А вечером, когда я уже лежала в постели, раздался телефонный звонок. Сергей взял трубку и ушел с нею в свою комнату. Минут через двадцать с ошалелым видом он вошел ко мне.
— Мама, звонила Манана. Она сказала, — он замялся, — что ты собираешься мне родить брата или сестричку. И из-за этого плохо себя чувствуешь.
— Все верно. Она тебе сказала правду. Зачем, я не знаю.
— Затем что ты мне ничего не сказала. Считай, соврала, а?
— Скажем, умолчала. Мне казалось, еще рано тебе сообщать. Да и не знала, как ты к этому отнесешься.

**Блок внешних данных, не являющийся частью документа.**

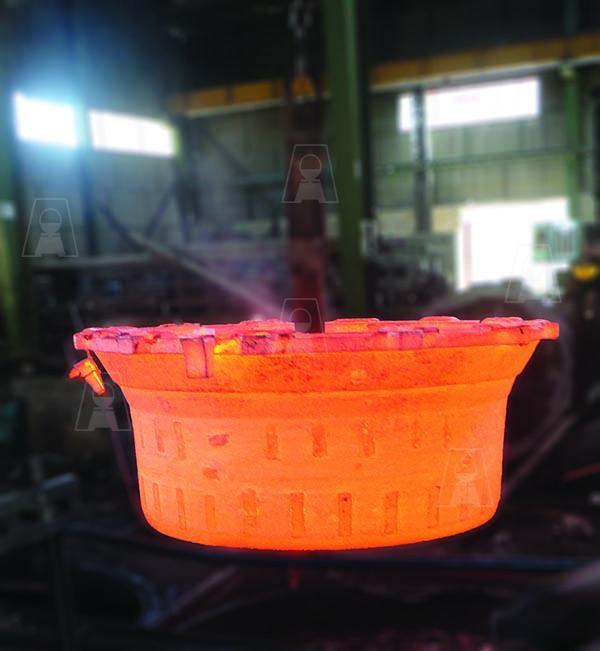 چرخ دنده های (CROWN WHEEL)، زره های مختلف (لاینرها)، دیافراگم های مختلف، چکش های سنگ شکن، مخروطی از جنس فولادهای کرومدار و ضدسایش از این نوع قطعات میباشد. چرخ دنده CROWN WHEEL فولاد مبارکه که دارای 5/7 متر قطر و وزن تمام شده 34000 تن بوده و جهت پودر کردن سنگ آهن و آماده سازی مواد اولیه در واحد گندله سازی استفاده می شود از تولیدات مجموعه فولاد اخگر می باشد.

— Мам, если честно, я в шоке. Ничего такого даже представить себе не мог. Тебе ведь уже лет много. Ну, ты у нас хорошо выглядишь, молодо, никто из моих друзей не верит, что тебе больше сорока. Дают максимум 38.
— Попугаев.
— Каких? А… Ты все шуточки шутишь. Я тебя другое хочу спросить. Он знает?

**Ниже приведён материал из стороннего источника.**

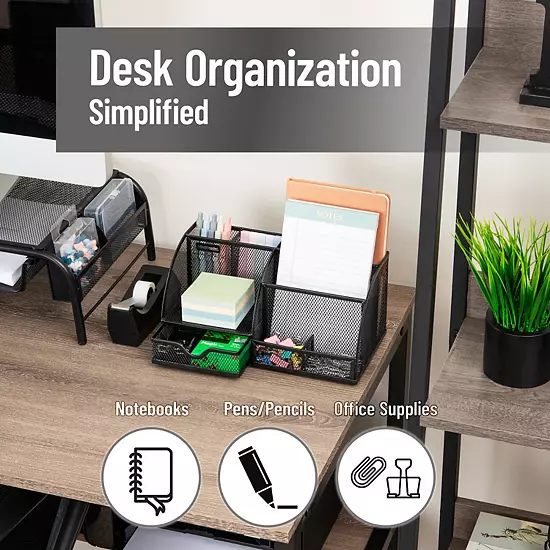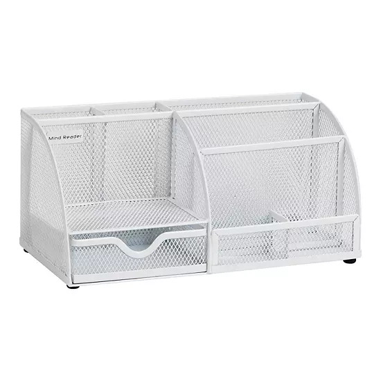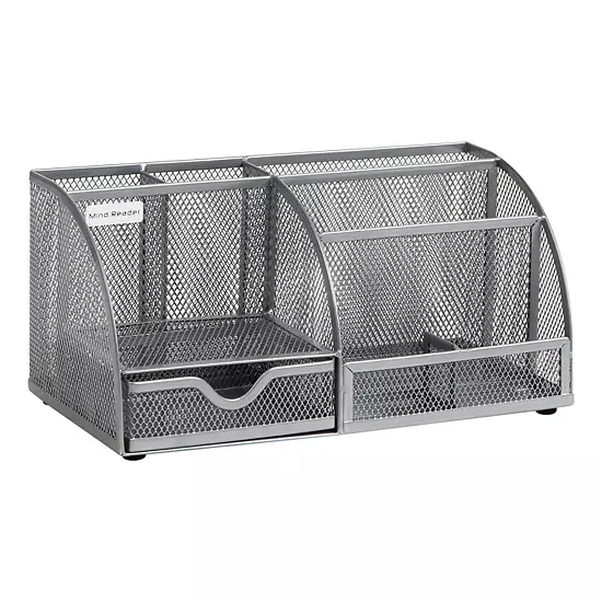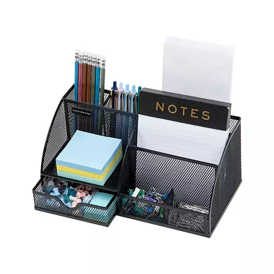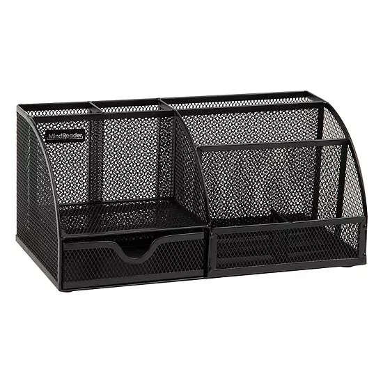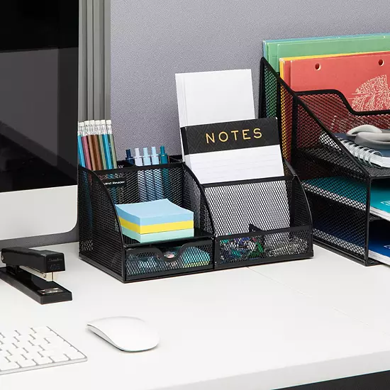- Keep your office desk organized and presentable. This desk organizer is equipped with 7 compartments that can be used as a pencil holder, pen cup, mail sorter, paperclip holder, sticky note holder or even an inbox tray for your desk. Made with a black mesh construction, this product is hard to bend or break. This office desk organizer will house your stationary cubicle accessories for years to come.

Вопрос не в бровь, а в глаз.
— Кто он?
— Отец. Отец ребенка, я хочу сказать. Этот, как его, Пеллернен.
Это имя Сережа выговорил с явным трудом, ему было неловко. Но твердости моему парню не занимать. Считает, что должен расставить все точки над “i”. Я ответила, глядя сыну прямо в глаза, отчего он потупился.
— Не знает. И, скорее всего, не узнает никогда.
— Мне кажется, он имеет право знать.
Меня прямо затрясло. Но я взяла себя в руки и попыталась увести разговор в сторону.
— Слушай, давай не будем сейчас о правах и обязанностях. Ты, небось, представляешь себе, что вот он узнает, прилетит сюда из своего капиталистического далека, бросится передо мной на колени и прослезится. Тут же все наши трудности уйдут сами собой, будем мы жить-поживать и добра наживать. Так?
— Все равно, ты должна ему сказать.
— Как, не подскажешь ли? Я не знаю, где он сейчас находится. А он мной, похоже, не интересуется.
— Почему ты так думаешь? Мне кажется, он был в тебя влюблен, а это так просто не проходит. По себе знаю.
Ну ни фига себе! Опытный ты наш, знает он! А вслух я сказала:
— За это время он мог бы попытаться со мной связаться. У него есть и мой телефон, и электронный адрес, и даже физический. Если не хочет со мной общаться на личные темы, у него есть отличный профессиональный предлог. Именно он сделал мне предложение о сотрудничестве с их фондом. Не сам, так через служащих мог ко мне обратиться. Если не стал, значит, не хочет. Он не хочет — я семь раз не хочу.
Так, я уже Егорова цитирую. Или это из какого-то фильма?